Prediction Markets = Market Manipulation? The Failure of Collective Wisdom and the Battle for Settlement Rights

marsbitPublished on 2025-12-23Last updated on 2025-12-23

Abstract

This article examines the controversial nature of prediction markets, particularly Polymarket, through three case studies, arguing that they are vulnerable to manipulation, groupthink, and battles over settlement authority, rather than being pure expressions of collective wisdom. Case 1: "Who will HBO identify as Satoshi?" Despite leaked evidence and media reports confirming the documentary would identify Peter Todd, the price for "Len Sassaman" remained high due to the community's emotional preference for a more narratively satisfying outcome. This demonstrates how narrative and emotion can cause market prices to deviate from factual evidence. Case 2: "How many gifts will Santa deliver?" Traders discovered a hardcoded number in the NORAD website's source code and drove the price of that outcome above 90%. However, this turned the market into a bet on whether the developers would change the number before the deadline, highlighting how centralized control of information sources creates exploitable opportunities. Case 3: "Israel strikes Gaza" contract. In the final hours, a coordinated effort using unverified screenshots and sell orders crashed the price of "No" to 1-2%, creating a false narrative of an attack. The contract was controversially settled as "Yes," showcasing how narrative, capital, and control over the settlement process can be weaponized to manipulate outcomes. The analysis concludes that prediction markets are not neutral but are instead arenas where media n...

Prediction markets, the current hot topic. But when you dive deep, every time you press Yes/No, the gears of fate begin to turn.

This article attempts to analyze controversial topics on prediction markets (primarily Polymarket), exploring their manipulability within binary博弈 (game theory of binary outcomes).

Case Selection

<1> Who will HBO identify as Satoshi?

<2> How many gifts will Santa deliver in 2025

<3> Israel strikes Gaza by...?

And attempts to discuss potential market intervention methods from perspectives like psychology/group effects/house game theory/mass communication.

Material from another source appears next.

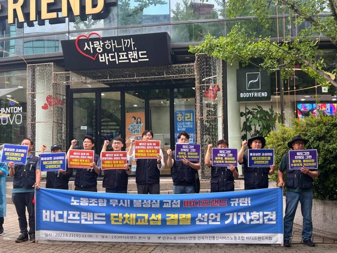 민주노총 산하 전국가전통신서비스노동조합 바디프랜드지회는 이날 서울 강남구 도곡동 본사 앞에서 기자회견을 열고 "사측의 무성의한 태도로 1년간 끌어온 교섭이 결렬됐다"며 "사측 태도 변화가 없다면 투쟁에 직면하게 될 것"이라고 경고했다.

"Who is Satoshi" Bet: The Market Refuses to Believe the Truth

Around the release of HBO's "Money Electric: The Bitcoin Mystery," a contract on Polymarket became a classic example of "narrative diverging from fact": "Who will HBO identify as Satoshi?" (October 2024).

On the surface, this was a collective guessing game about the crypto world's ultimate unsolved case, with participants trying to bet on who the documentary would name as Bitcoin's creator: Len Sassaman, Hal Finney, Adam Back, or Peter Todd, who never appeared on any long conspiracy theory list.​

The vast majority of cryptocurrency community members, KOLs, and media firmly believed HBO would reveal the late cryptographer Len Sassaman. Because Len's life story fit the characteristics of Satoshi, and his tragic, legendary image aligned with HBO's narrative aesthetic.

And Len Sassaman's probability (Yes) soared to 68% - 70%.

The key lies in the timeline.

Some journalists and insiders who were invited to early media screenings began leaking clips on Twitter and dark web forums. The leaked clips and screenshots clearly showed director Cullen Hoback questioning another developer, Peter Todd, and attempting to portray him as Satoshi.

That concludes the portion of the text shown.